DIRECTIONS: Return the data below unchanged. Drop any pictures.

GIVEN DATA:
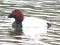![]() ヨシガモの群れに混じって、クビワキンクロが居た |
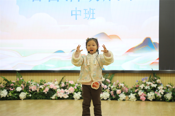 小班幼儿用奶声奶气的语调朗诵朗朗上口的儿歌,充满童趣的儿歌内容传递出满满的纯真与快乐。教师通过趣味引导,鼓励孩子们在集体面前勇敢表现,每一次举手、每一句清晰的朗诵,都是幼儿自信心的一次成长。中班幼儿通过讲述故事或送祝福,不仅提升了口语表达能力,也在传递美好祝愿的过程中,感受到传统文化的魅力与人际间的情感温暖。大班幼儿围绕幼小衔接开展自我介绍,落落大方地介绍自己并分享自己的兴趣爱好,认真专注的神情令人欣慰。在倾听与交流中,孩子们逐步提升了表达与交往能力,为步入小学奠定了扎实的语言基础。
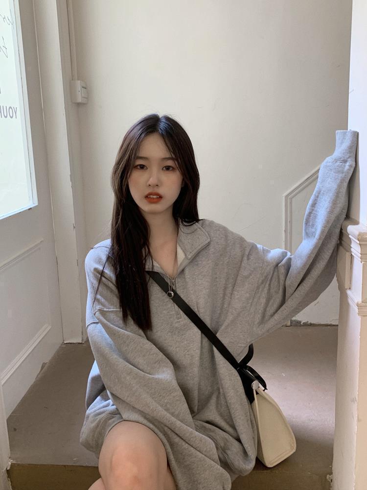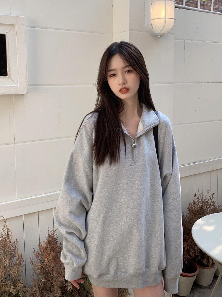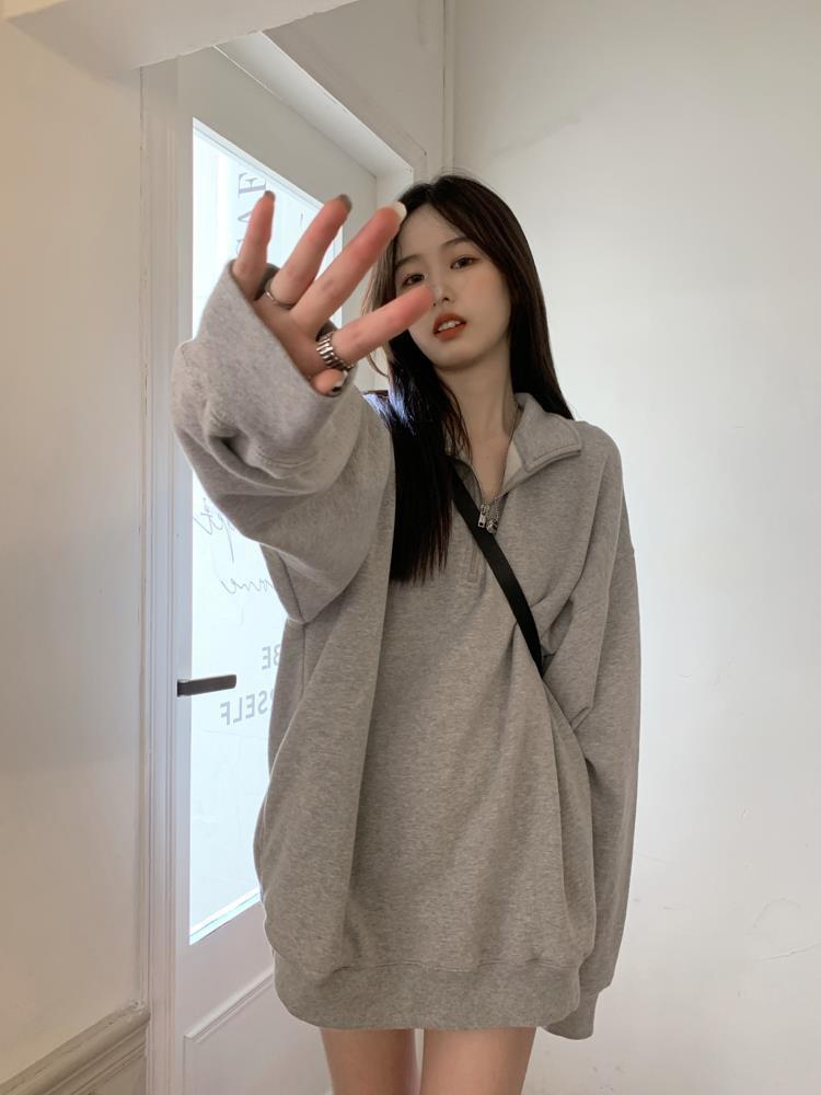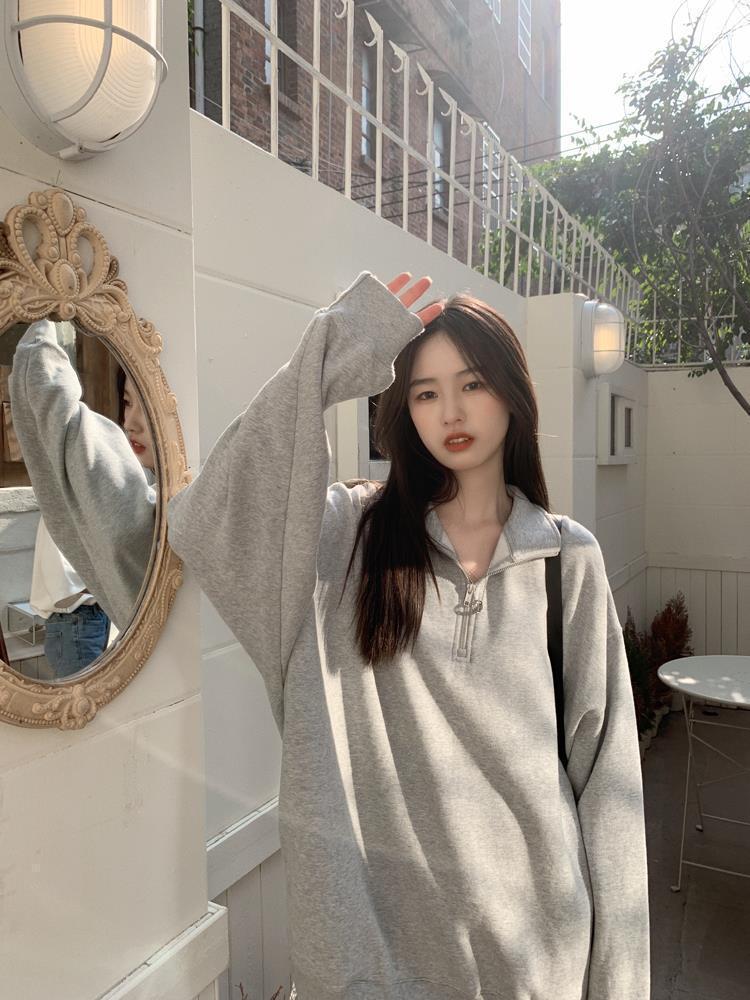 学生のアメリカの灰色の半ファスナーの衛衣の女子学生の春秋のoversizeはゆったりしています。

SOLUTION BELOW:
![]() ヨシガモの群れに混じって、クビワキンクロが居た |
 小班幼儿用奶声奶气的语调朗诵朗朗上口的儿歌,充满童趣的儿歌内容传递出满满的纯真与快乐。教师通过趣味引导,鼓励孩子们在集体面前勇敢表现,每一次举手、每一句清晰的朗诵,都是幼儿自信心的一次成长。中班幼儿通过讲述故事或送祝福,不仅提升了口语表达能力,也在传递美好祝愿的过程中,感受到传统文化的魅力与人际间的情感温暖。大班幼儿围绕幼小衔接开展自我介绍,落落大方地介绍自己并分享自己的兴趣爱好,认真专注的神情令人欣慰。在倾听与交流中,孩子们逐步提升了表达与交往能力,为步入小学奠定了扎实的语言基础。
 学生のアメリカの灰色の半ファスナーの衛衣の女子学生の春秋のoversizeはゆったりしています。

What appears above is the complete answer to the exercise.